Evaluating Teacher Effectiveness
Can classroom observations identify practices that raise achievement?
“The Widget Effect,” a widely read 2009 report from The New Teacher Project, surveyed the teacher evaluation systems in 14 large American school districts and concluded that status quo systems provide little information on how performance differs from teacher to teacher. The memorable statistic from that report: 98 percent of teachers were evaluated as “satisfactory.” Based on such findings, many have characterized classroom observation as a hopelessly flawed approach to assessing teacher effectiveness.
The ubiquity of “satisfactory” ratings stands in contrast to a rapidly growing body of research that examines differences in teachers’ effectiveness at raising student achievement. In recent years, school districts and states have compiled datasets that make it possible to track the achievement of individual students from one year to the next, and to compare the progress made by similar students assigned to different teachers. Careful statistical analysis of these new datasets confirms the long-held intuition of most teachers, students, and parents: teachers vary substantially in their ability to promote student achievement growth.
The quantification of differences has generated a flurry of policy proposals to promote teacher quality over the past decade, and the Obama administration’s recent Race to the Top program only accelerated interest. Yet, so far, little has changed in the way that teachers are evaluated, in the content of pre-service training, or in the types of professional development offered. A primary stumbling block has been a lack of agreement on how best to identify and measure effective teaching.

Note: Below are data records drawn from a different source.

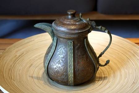 Old copper teapot for Turkish traditional tea drinking
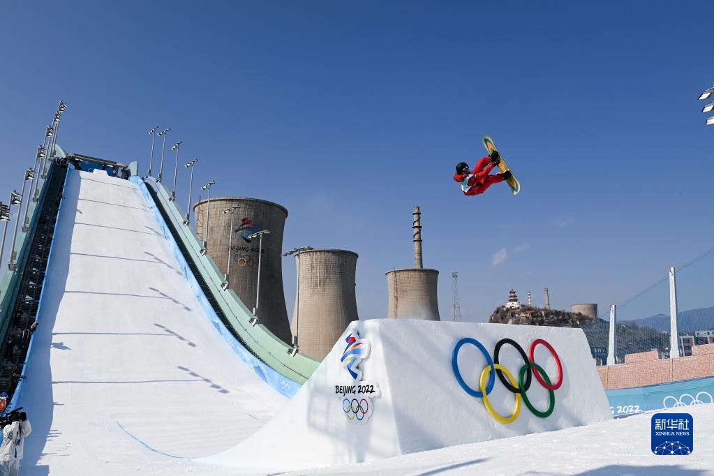 北京2022年冬奧會單板滑雪男子大跳臺決賽在北京首鋼滑雪大跳臺舉行。這是加拿大選手達西·夏普在比賽中(2月15日攝)。新華社記者 許暢 攝
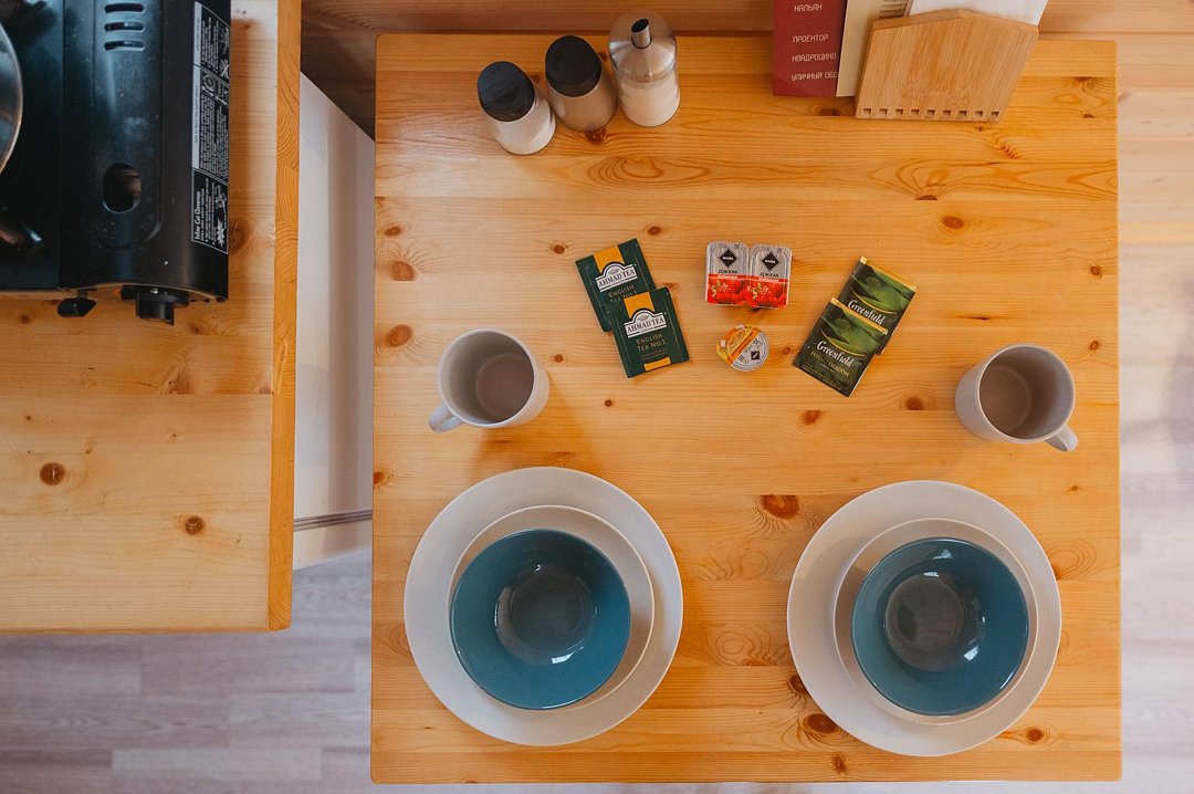 Яйца, хлеб, колбаса, сыр, бекон, помидоры и пару йогуртов будут ждать вас в холодильнике при заселении. Набор рассчитан на двух человек.

A handful of school districts and states—including Dallas, Houston, Denver, New York, and Washington, D.C.—have begun using student achievement gains as indicated by annual test scores (adjusted for prior achievement and other student characteristics) as a direct measure of individual teacher performance. These student-test-based measures are often referred to as “value-added” measures. Yet even supporters of policies that make use of value-added measures recognize the limitations of those measures. Among the limitations are, first, that these performance measures can only be generated in the handful of grades and subjects in which there is mandated annual testing. Roughly one-quarter of K–12 teachers typically teach in grades and subjects where obtaining such measures is currently possible. Second, test-based measures by themselves offer little guidance for redesigning teacher training or targeting professional development; they allow one to identify particularly effective teachers, but not to determine the specific practices responsible for their success. Third, there is the danger that a reliance on test-based measures will lead teachers to focus narrowly on test-taking skills at the cost of more valuable academic content, especially if administrators do not provide them with clear and proven ways to improve their practice.
Student-test-based measures of teacher performance are receiving increasing attention in part because there are, as yet, few complementary or alternative measures that can provide reliable and valid information on the effectiveness of a teacher’s classroom practice. The approach most commonly in use is to evaluate effectiveness through direct observation of teachers in the act of teaching. But as “The Widget Effect” reports, such evaluations are a largely perfunctory exercise.
In this article, we report a few results from an ongoing study of teacher classroom observation in the Cincinnati Public Schools. The motivating research question was whether classroom observations—when performed by trained professionals external to the school, using an extensive set of standards—could identify teaching practices likely to raise achievement.
We find that evaluations based on well-executed classroom observations do identify effective teachers and teaching practices. Teachers’ scores on the classroom observation components of Cincinnati’s evaluation system reliably predict the achievement gains made by their students in both math and reading. These findings support the idea that teacher evaluation systems need not be based on test scores alone in order to provide useful information about which teachers are most effective in raising student achievement.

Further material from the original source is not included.